Les auteurs se sont livrés à une analyse spectrale par transformée de Fourier, pour y reconnaître la périodicité de la variation du volume des glaces en fonction du temps. Une fonction sinusoïdale n’a qu’une seule période. Une variation peut être périodique sans être sinusoïdale. Elle a alors plusieurs, voire une infinité de périodes. Les calculs de Hays, Imbrie et Shackleton ont mis en évidence plusieurs périodes qui correspondent à celles prédites par la théorie astronomique des climats. Il y a en a deux de 19 000 et 23 000 ans correspondant au paramètre de précession. Plus haut, j’ai dit que la période est de 21 000 ans parce que mon explication était trop simple. Une période de 42 000 ans correspond à l’obliquité. Enfin, une période de 100 000 est liée à l’excentricité.
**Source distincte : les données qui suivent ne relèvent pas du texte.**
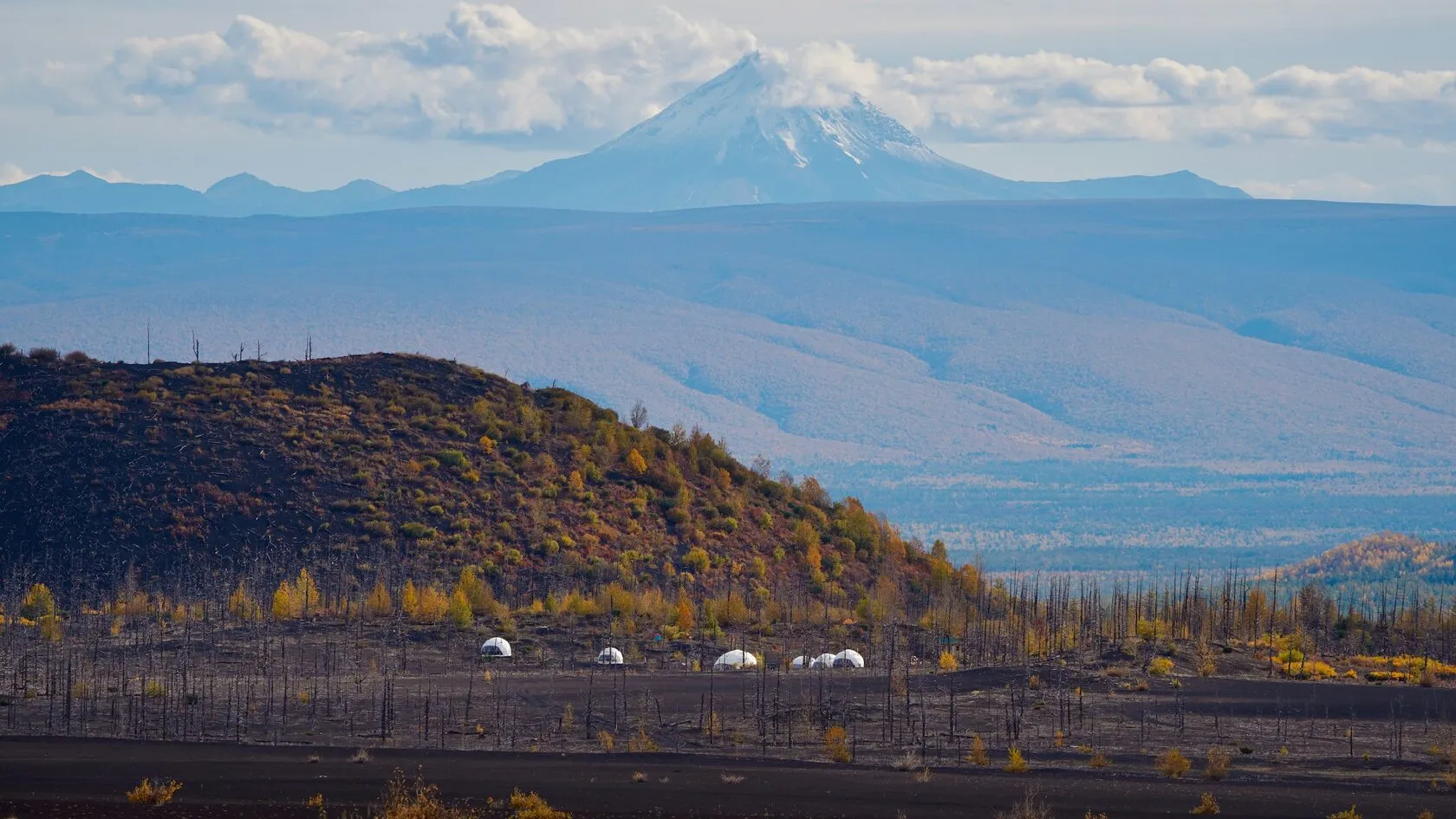 Представьте себе Марс, на который наконец высадились люди, и то, как стали бы выглядеть исследовательские станции. Представили? Вот примерно так можно описать Мёртвый лес у подножья действующего вулкана Толбачик, где расположились дома-шатры одноименного глэмпинга. Серо-чёрная земля, частокол из стволов деревьев и россыпь белоснежных куполов на фоне сопок. Завораживающее зрелище. Главное преимущество – близость к вулканам. Если вам нужны дополнительные идеи, чем заняться на Камчатке, читайте статью в нашем блоге.

Le dioxyde de carbone compte aussi
La théorie de Milankovitch est-elle donc prouvée ? Pas tout à fait. Elle doit encore expliquer pourquoi la période du cycle des glaciations est actuellement de 100 000 ans. À la fin du XIXe siècle, elle a été concurrencée par la théorie de l’effet de serre radiatif, mis au point par le chimiste suédois Svante Arrhenius (1859-1927). Il a calculé qu’une baisse de 40 % de la teneur en CO2 atmosphérique provoque une baisse de la température moyenne globale de 5 °C, ce qui est excellent. La mesure de la teneur en CO2 des carottes de glace de l’Antarctique a montré qu’elle oscillait entre 180 ppmv (0,018 %) durant les maximums glaciaires et 280 ppmv durant les périodes interglaciaires.
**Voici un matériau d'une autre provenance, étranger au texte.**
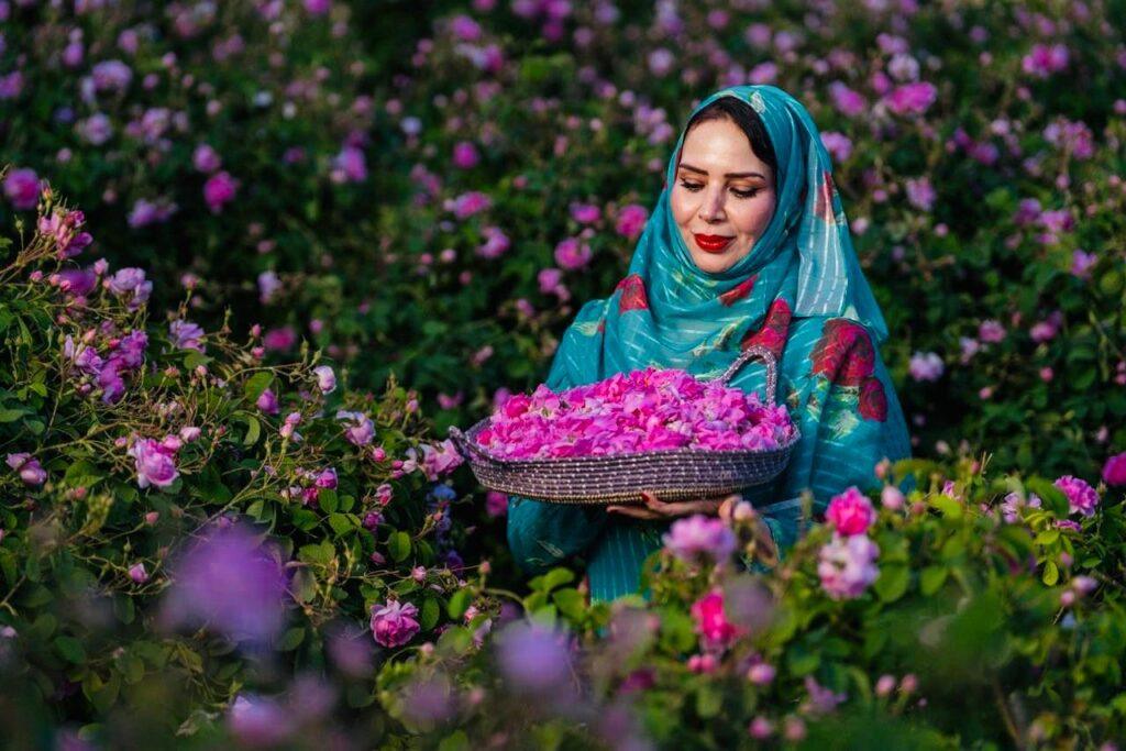 عند الوصول، يستقبلك عبق الورد الدمشقي الذي يملأ الأرجاء، في لوحة طبيعية آسرة تمتزج فيها الألوان بين الأخضر والوردي. المزارعون، بملابسهم التقليدية، ينهمكون في قطف الورد مع ساعات الصباح الأولى، في طقس يومي يعكس أصالة المكان وعمق ارتباطهم بالموسم.

Les recherches indiquent maintenant que l’océan Austral agit comme un réservoir qui pompe le CO2 atmosphérique durant les glaciations, les accentuant et les rendant mondiales, puis qui le relâche quand elles se terminent. Comme l’ont démontré Jeremy Shakun en 2012 et Frédéric Parrenin en 2013, les températures augmentent dans l’hémisphère Sud et les tropiques plusieurs milliers d’années avant que les calottes laurentide et fennoscandienne ne commencent à fondre. Ceci est très net à la fin de la glaciation de Würm, aussi appelée terminaison I, qui est bien documentée et datée. Les variations des paramètres astronomiques ne déclenchent pas la déglaciation. En 2004, Didier Paillard et Frédéric Parrenin ont supposé que c’est l’arrivée de la calotte glaciaire au bord du plateau continental qui entraîne la libération du CO2 stocké dans l’océan Austral (expliqué en français dans cet article). Cela ne se produit pas avant qu’elle ait atteint une taille critique.
En tout cas, c’est la baisse de la concentration du CO2 durant le Cénozoïque (l’ère commencée il y a 66 millions d’années, autrefois dite « tertiaire ») qui est à l’origine du cycle des glaciations, et avant cela, de l’englacement de l’Antarctique puis du Groenland. Les variations des paramètres astronomiques ont toujours existé, mais leurs conséquences ont été jusqu’alors peu visibles. Le passage de la concentration du CO2 sous un seuil critique a déclenché cet englacement périodique de l’Amérique du Nord et de l’Europe.